Hoy apenas se menciona y casi nadie recuerda ni mucho menos lee a Joseph Hergesheimer (Filadelfia, 1880-Sea Isle City, 1954). Sus obras se publican poco y los ejemplares de las ediciones originales que quedan acumulan polvo en los áticos y en los estantes de las librerías de segunda mano. Para la mayoría de sus compatriotas, solo es un hombre que “también escribió” en los años cuando emergieron autores como Ernest Hemingway, William Faulkner y Scott Fitzgerald. Pero hubo una etapa en la que Hergesheimer significaba mucho en su país. Literary Digest llegó a votarlo en 1922 como “el más importante escritor norteamericano” de ese momento, y en los círculos intelectuales de Europa también se le apreciaba.

Durante las dos primeras décadas del siglo pasado, en Estados Unidos gozaba de una gran popularidad, que venía dada tanto por sus novelas como por las adaptaciones cinematográficas que se hicieron de ellas.

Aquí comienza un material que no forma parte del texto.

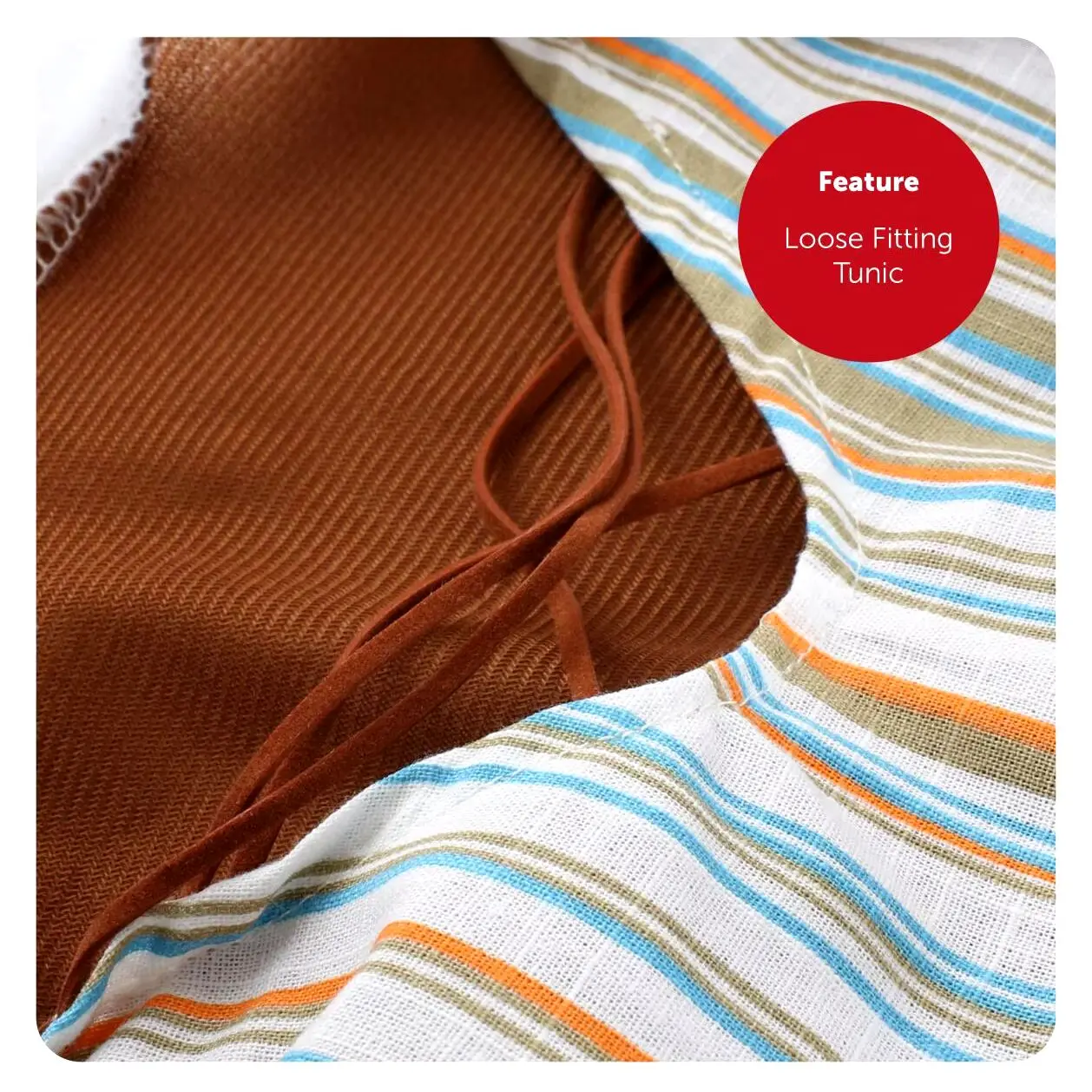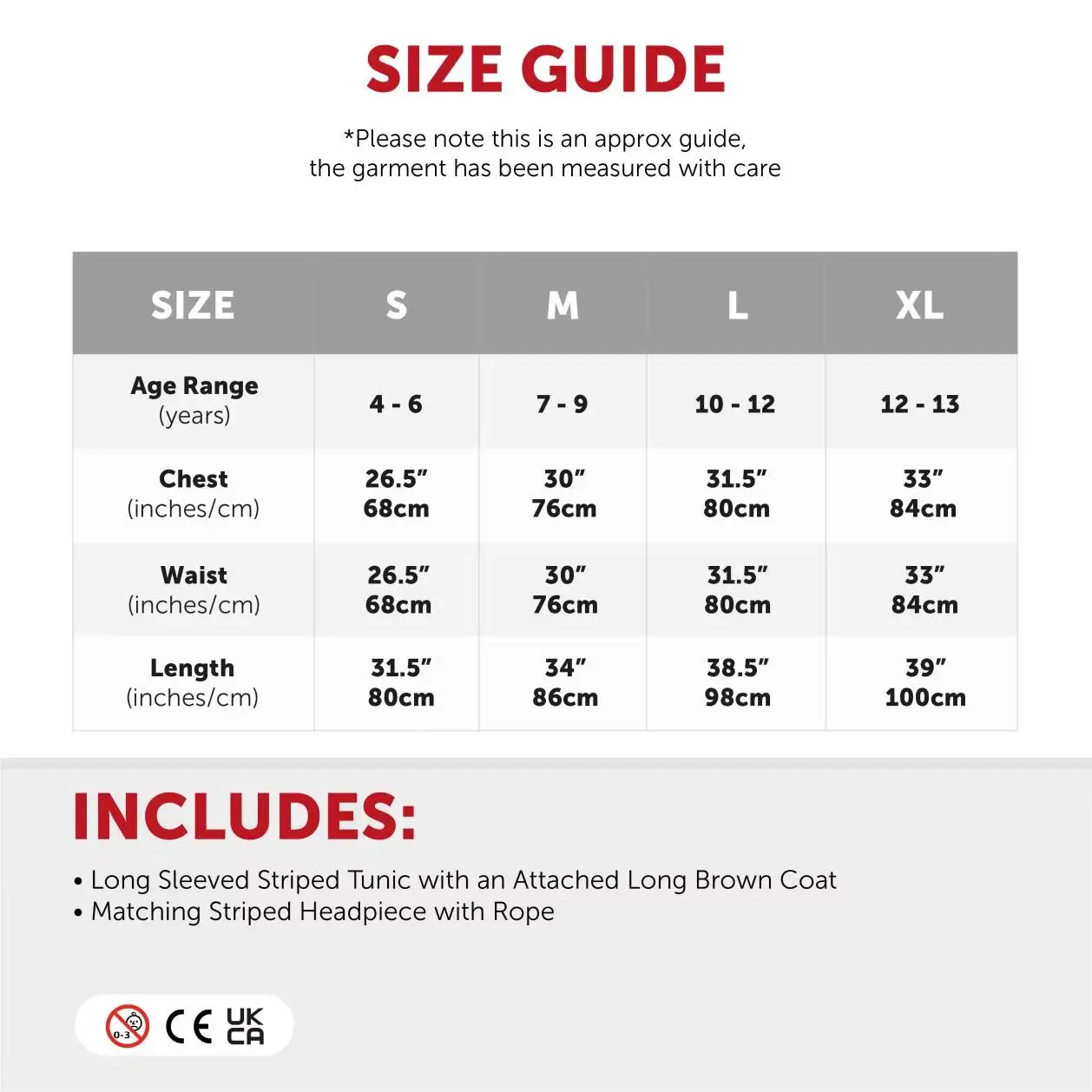 COSTUME INCLUDES: Our Child’s Shepherd Innkeeper Costume includes a Long-Sleeved Striped Tunic with an Attached Long Sleeve Brown Robe & Matching Striped Headpiece, which completes the look perfect for your child

En una carta al editor Alfred A. Knopf, Hergesheimer le confesó que en sus mejores tiempos llegó a ganar cien mil dólares al año, principalmente por los cuentos y reportajes que escribía para revistas como Saturday Evening Post. Por otro lado, Hollywood le pagó cifras extravagantes por los derechos, y entre 1923 y 1935 se filmaron ocho películas basadas en sus textos. Hergesheimer fue además traducido a varios idiomas, entre ellos al castellano.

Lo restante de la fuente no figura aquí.